On April 7, 1845, construction began on St. Michael's Cathedral and the Bishop's Palace, a three-story rectory adjacent to the Neo-Gothic cathedral. Both buildings were designed by William Thomas. Townspeople dug out the foundation by hand in return for a barbecue. Shipwrights made the interior columns out of maple and oak. On May 8, 1845, Bishop Power laid the cornerstone for the cathedral in the four-year-old diocese. Some fragments of a stone pillar from the old Norman-style York Minster Cathedral in England and some small pieces of the oak roof of that same cathedral were sealed within St. Michael's cornerstone. St. Michael's is a 19th-century interpretation of the Minster's 14th century English Gothic style. The connection with York Minster is appropriate, since Toronto was known as the town of York from its settlement in 1793 until it was incorporated in 1834 and the name was changed back.

Bishop Power died on October 1, 1847, having contracted typhus while tending to his flock. His funeral was held at St. Paul's, and he was buried in the crypt of the unfinished St. Michael's Cathedral. Also buried in the crypt is a man who fell from the roof during construction.

The cathedral was dedicated on August 29, 1848, to St.
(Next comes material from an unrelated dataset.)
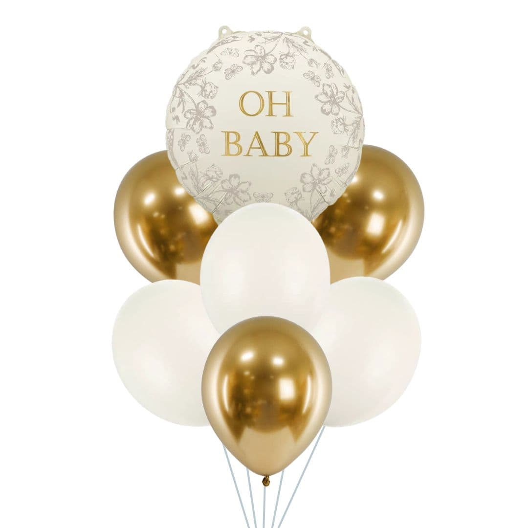 Zestaw balonów „Oh Baby” w odcieniach beżu i złota to gotowa dekoracja, która rozświetli każde baby shower. Łączy elegancję i urok w subtelnej, stylowej formie. Idealnie sprawdza się nad stołem, przy ściance lub jako ozdoba tła do zdjęć. Z nim świętowanie maluszka nabiera wyjątkowego charakteru!
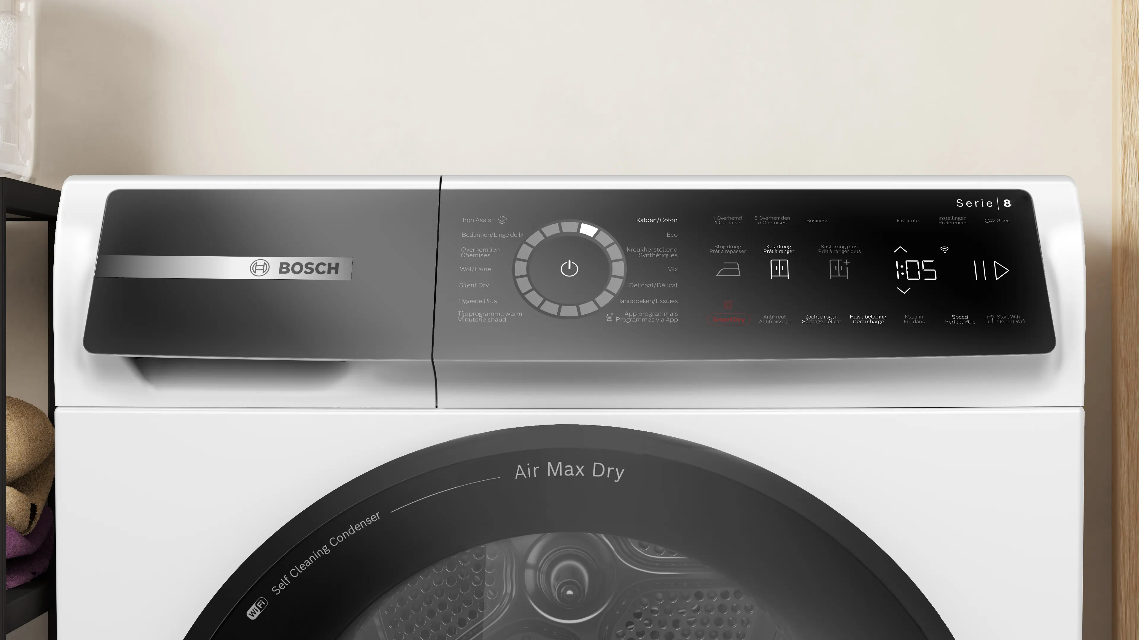 Home ConnectVoetnoot 1: Van tijd tot tijd bieden we updates om de functionaliteiten van je aangesloten huishoudelijke apparaat te behouden (met name beveiligingsupdates). Dergelijke updates ken je van je smartphone. Als je geïnformeerd wilt worden wanneer er een update gereed is voor je Home Connect-apparaat, ga je als volgt te werk: Download de Home Connect-app en registreer en verbind het apparaat in de app. Meer informatie is dan beschikbaar in de Home Connect-app.,Voetnoot 2: Sommige van de weergegeven functies zijn alleen toegankelijk als het apparaat via internet verbonden is met een Home Connect-account en een SingleKey ID-account. Home Connect is een dienst van Home Connect GmbH. Ga voor meer informatie over Home Connect naar www.home-connect.com.

Michael the Archangel. On September 29, 1848, the cathedral was consecrated after substantial work by the Honourable John Elmsley and his friend Samuel G. Lynn to reduce the debt. The 79-meter bell tower, which contains two bells, was consecrated in 1866.

The cathedral played an instrumental role in the founding of nearby St. Michael's Hospital when the Sisters of Saint Joseph, who came to Toronto at the request of Bishop Charbonnel to operate an orphanage and settlement house, responded to the need for care during a diphtheria epidemic in 1892.

An Ontario Heritage Trust marker at the church notes its importance in the city's history. An additional plaque was installed on March 28, 1982, by the Archdiocese of Toronto at the rectory.

Between 1852 and 1856, the rectory was home to St. Michael's College until it moved to its present location near the University of Toronto. St. Michael's College School, an all-boys school in the Toronto neighbourhood of Forest Hill, was previously the high school section of the original college.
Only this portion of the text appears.